By Yena Park and Jihoon Lee
SEOUL (Reuters) -South Korea’s finance minister said on Thursday foreign exchange authorities were in talks to reactivate market stabilizing measures, including a foreign exchange swap programme between the pension fund and central bank.
“The measures we took in the fourth quarter to stabilize the foreign exchange market will continue in a consistent manner,” Minister Choo Kyung-ho told reporters, according to a media pool report.
Choo said the Korean won’s recent movements were largely in line with other major currencies and that the authorities would continue to monitor the market.
A finance ministry official separately said the authorities would arrange a new currency swap line between the pension fund and central bank in the near future, including maturity extension for the swap deals made during the last programme.
The swap programme, in place for a maximum $10 billion during the final three months of last year, allowed the pension fund to use the central bank’s foreign reserves for overseas investments when there was increased volatility in the foreign exchange market.

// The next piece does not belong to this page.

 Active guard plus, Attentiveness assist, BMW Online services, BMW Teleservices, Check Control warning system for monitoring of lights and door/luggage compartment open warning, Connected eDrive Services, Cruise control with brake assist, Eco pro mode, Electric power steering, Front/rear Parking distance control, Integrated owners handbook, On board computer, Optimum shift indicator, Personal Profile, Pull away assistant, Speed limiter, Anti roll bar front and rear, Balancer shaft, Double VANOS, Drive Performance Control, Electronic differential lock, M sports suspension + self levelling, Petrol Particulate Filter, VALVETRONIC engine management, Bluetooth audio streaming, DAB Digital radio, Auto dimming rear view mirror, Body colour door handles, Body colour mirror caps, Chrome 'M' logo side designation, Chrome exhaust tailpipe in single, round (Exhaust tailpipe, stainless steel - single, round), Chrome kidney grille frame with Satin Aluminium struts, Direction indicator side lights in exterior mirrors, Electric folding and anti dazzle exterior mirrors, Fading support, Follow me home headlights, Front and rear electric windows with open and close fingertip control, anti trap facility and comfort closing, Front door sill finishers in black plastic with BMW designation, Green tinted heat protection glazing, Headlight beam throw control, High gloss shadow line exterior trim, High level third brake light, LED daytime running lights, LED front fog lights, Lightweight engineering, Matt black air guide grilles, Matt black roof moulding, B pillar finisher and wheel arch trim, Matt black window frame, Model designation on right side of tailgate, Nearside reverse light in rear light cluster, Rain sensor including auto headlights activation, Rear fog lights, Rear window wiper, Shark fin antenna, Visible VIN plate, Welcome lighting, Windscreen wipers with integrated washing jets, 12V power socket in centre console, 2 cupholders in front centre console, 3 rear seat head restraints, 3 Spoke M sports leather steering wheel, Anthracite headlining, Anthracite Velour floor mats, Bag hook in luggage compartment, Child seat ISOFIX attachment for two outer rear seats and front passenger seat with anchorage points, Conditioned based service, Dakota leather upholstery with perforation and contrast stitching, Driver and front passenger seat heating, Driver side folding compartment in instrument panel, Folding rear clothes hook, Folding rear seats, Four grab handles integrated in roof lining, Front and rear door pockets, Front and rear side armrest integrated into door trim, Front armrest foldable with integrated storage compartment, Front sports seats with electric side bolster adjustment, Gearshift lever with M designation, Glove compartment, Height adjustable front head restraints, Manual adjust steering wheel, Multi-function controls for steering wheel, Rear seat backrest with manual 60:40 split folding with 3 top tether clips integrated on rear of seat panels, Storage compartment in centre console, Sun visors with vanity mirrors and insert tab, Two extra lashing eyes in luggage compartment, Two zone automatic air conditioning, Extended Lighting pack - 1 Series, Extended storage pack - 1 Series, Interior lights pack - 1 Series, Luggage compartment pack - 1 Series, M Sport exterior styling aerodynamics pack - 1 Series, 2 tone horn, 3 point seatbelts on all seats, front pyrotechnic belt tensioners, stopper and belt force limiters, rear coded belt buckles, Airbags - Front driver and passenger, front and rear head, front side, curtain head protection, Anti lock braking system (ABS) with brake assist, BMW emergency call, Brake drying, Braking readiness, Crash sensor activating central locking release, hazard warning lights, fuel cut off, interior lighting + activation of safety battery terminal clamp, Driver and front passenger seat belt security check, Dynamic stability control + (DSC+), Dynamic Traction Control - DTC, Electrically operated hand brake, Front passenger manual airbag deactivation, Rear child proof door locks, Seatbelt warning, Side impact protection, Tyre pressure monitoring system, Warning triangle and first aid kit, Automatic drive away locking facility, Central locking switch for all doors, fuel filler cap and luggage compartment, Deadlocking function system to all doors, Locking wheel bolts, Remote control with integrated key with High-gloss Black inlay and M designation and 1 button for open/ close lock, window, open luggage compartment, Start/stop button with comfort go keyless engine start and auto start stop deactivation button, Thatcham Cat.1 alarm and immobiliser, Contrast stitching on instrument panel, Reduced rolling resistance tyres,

Another official said the new arrangement will be of “enough amount” to ease dollar demand in the onshore market, without providing a specific figure or time frame.
“The currency swap programme will cap the upside for the dollar/won exchange rate, if not drag it lower,” a local currency dealer said.
Earlier this week, U.S. Federal Reserve Chair Jerome Powell said the central bank will likely need to raise interest rates more than expected and is prepared to move in larger steps, lifting the dollar.
The discussion comes less than a week after the chairman of the National Pension Service told Reuters it would collaborate with foreign exchange authorities when needed to help stabilize the market, such as by re-establishing the swap line.